The second half of the summer was covered in my 5th Dmitri for the year. From England’s perspective it was a series that possibly got away. There was much rancour and discord over the omission of Anderson and Stokes from the first test, which grew when the whispers that they were fit were married up with a defeat at the hands of a vibrant opposition and around the same time Andy Flower broke his “dignified silence”. There was a distinct smack of “good journalism” about it all. The second test at Old Trafford was one way traffic once Cook and Root set about the task at hand, with Root becoming only the second domestic player since 1990 to pass 250 in a test match. England took the wickets they needed within the time allotted for a comprehensive win. A tight third test that ebbed and flowed went the way of the hosts when Pakistan failed to survive Day 5 (heard that one before), but any resting on the laurels was rudely awakened when a lax first innings at The Oval was at least 150 runs short (despite a Moeen masterpiece) and Younis Khan’s double hundred pointed the way to a series levelling victory. In both wins Yasir Shah had applied the bowling coup de grace. Yasir was lethal in London, undone up north.

The ODI series that followed had some magnificent performances, most notably the breaking of Robin Smith’s 23 year old record for the highest ODI score by an England player. Hales had 200 at his mercy but had to settle for 171. That new record might not last 23 months. England also made the highest ODI score of 444 for 3, Wahab recorded figures of 0 for 110 (second only to the legend of Mick Lewis in ODIs), Jos Buttler took 22 balls to reach 50 (an English record) and so on and so forth. We also had a number 11 make a 50 in the response! Pakistan rallied towards the end of the series, winning the last game, and then winning the T20 as well, but overall, sentiment towards the white ball team was in the ascendant. They were/are genuinely fun to watch.

The problem with England, its media, and many of its fans, is that there is too much emphasis placed on “doing what is perceived to be the right thing”. Looming at the end of the series was the trip to Bangladesh, where international teams were less keen to go, especially after the early July terrorist attacks at a bakery in Dhaka that was frequented by overseas visitors. After a very thorough review, itself indicative of the tricky nature of the decision, and backed by a host government prepared to throw a shedload of money at security, the tour was deemed safe to proceed.

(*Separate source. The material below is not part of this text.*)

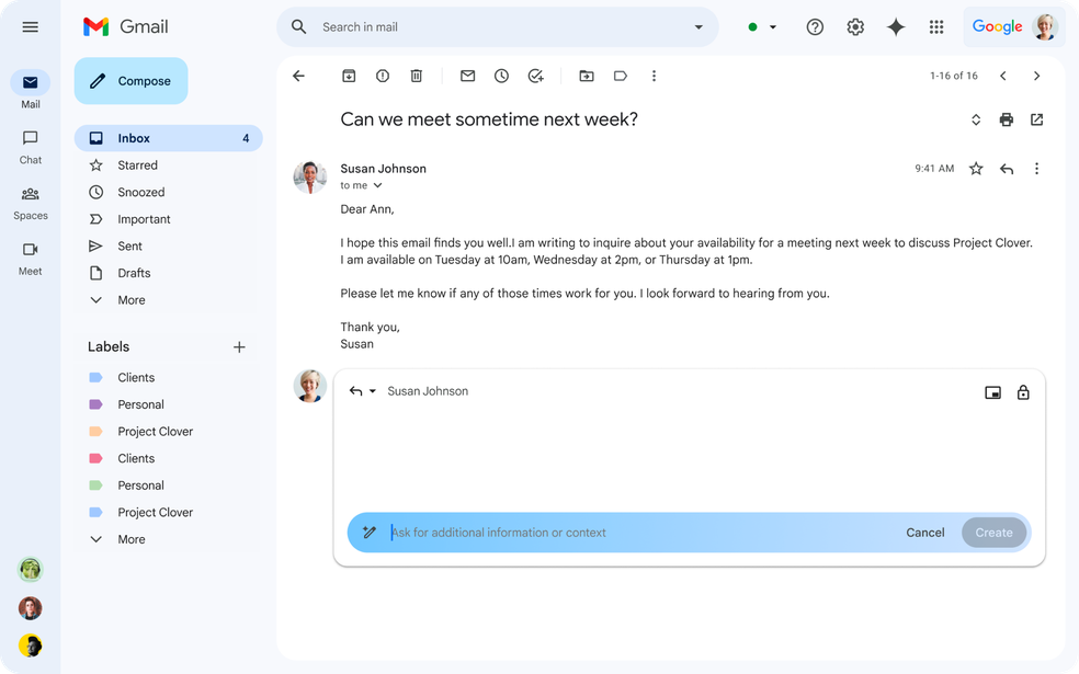 Exemplo do uso do Gemini integrado ao Gmail — Foto: Divulgação/Google

Players were given, by the ECB, keeping in mind the security issues, a choice whether they would go on the tour or stay. Eoin Morgan and Alex Hales said they did not feel comfortable and withdrew, just as Andrew Caddick did in India many years ago. The results were a widespread condemnation of Morgan, an Oliver Holt expedition so shallow that it barely merited being a puddle of a piece, and the generation of nonsensical heat and light about duty, loyalty, courage and leadership. A 2-1 ODI series win, under some interesting and tetchy leadership by Jos Buttler, was greeted like a huge triumph, and now the same heat and light is on whether Morgan should be in the team on merit, or whether we should just throw in the young guns, like, er, Ben Duckett (that went well in the test team). Morgan is a great captain of an ODI team and keeps his place on merit. Cook wasn’t a great captain of a poor performing test team, and was in poor nick for quite a while, and the press could barely mention it. We are a funny bunch.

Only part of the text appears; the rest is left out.